No. 02AP-1106 9 Ohio St.3d 1498, quoting Miller v. Beer Barrel Saloon (May 24, 1991), Ottowa App. No. 90-OT-050. The "dangers" alleged in this case can be placed into two categories: (1) encumbrances and other factors that restricted the movement of trucks and the mode of securing a load on a truck, and (2) the unlevel ground, which resulted from the existence of gravel and dirt, undulations in the surface and the alleged slope. The east lot was "unsafe," or was in a hazardous condition, to the extent that these factors created danger. We find that these factors were not concealed; they were in plain view. Construing the evidence most strongly in favor of plaintiffs, reasonable minds can only reach one conclusion as to the alleged hazards: all hazards that existed in the east lot at the time of the incident were open and obvious. Specifically, the absence of ladders or platforms; the existence of encumbrances such as the oil barrels, pallets, fire hydrant, standpipe surrounded by steel beams, and the chain-link fence topped with barbed wire; and the unlevelness of the ground, were all open and obvious hazards. 3 { 16} Based on the foregoing reasons, we find the open-and-obvious doctrine applicable to this case. The open-and-obvious nature of the hazards in the east lot absolved defendants of any duty to Campagna regarding these hazards. Thus, we hold that defendants owed no duty to Campagna regarding the hazards in the east lot, and defendants are entitled to judgment as a matter of law. See Armstrong, supra, at 15. The trial court did not err in granting the motion for a judgment notwithstanding the verdict. Accordingly, plaintiffs' first and second assignments of error are overruled. 3 Consistent with our determination that the dangers were open and obvious, the evidence indicates that prior to his fall, Campagna was in fact aware of most, if not all, of the particular factors that created a hazardous condition. Campagna's knowledge of the dangers raises the possibility that Campagna implicitly assumed the risks created by the hazardous condition. Because we resolve this case at the threshold issue of duty, and because the implied assumption of the risk doctrine goes to causation, not the existence of a duty, we decline to analyze the effect of the implied assumption-of-the-risk doctrine on this case.

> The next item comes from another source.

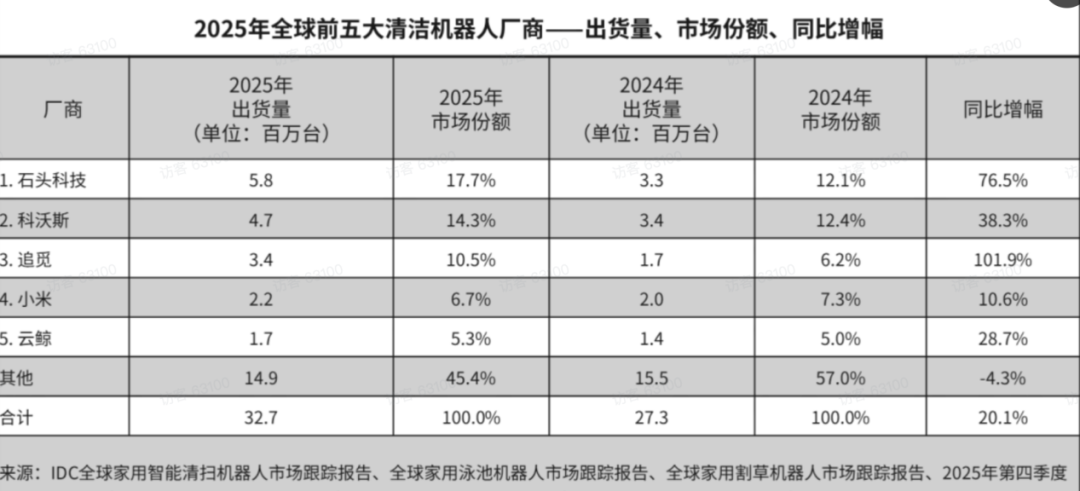 据国际数据公司IDC监测数据显示,2025年,智能扫地机器人全球市场品牌集中度继续保持较高水平,TOP5品牌占比已超70.4%。总体来看,头部品牌集中度还在提升,行业马太效应愈发明显。
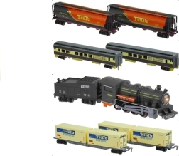 - Contenu de l’emballage : locomotive, 6 wagons, env. 10 m de rails, 4 arbres

No. 02AP-1106 10 { 17} By their third, fourth, and fifth assignments of error, plaintiffs assert that the trial court erred when it provisionally ordered a new trial in the event the judgment notwithstanding the verdict is reversed on appeal. Our disposition of plaintiffs' first and second assignments of error renders their third, fourth, and fifth assignments of error moot. See App.R. 12(A)(1)(c). { 18} For the foregoing reasons, plaintiffs' first and second assignments of error are overruled, and plaintiffs' third, fourth, and fifth assignments of error are moot. Accordingly, the judgment of the Franklin County Court of Common Pleas is affirmed. WRIGHT and KLATT, JJ., concur. WRIGHT, J., retired, of the Ohio Supreme Court, assigned to active duty under authority of Section 6(C), Article IV, Ohio Constitution. Judgment affirmed.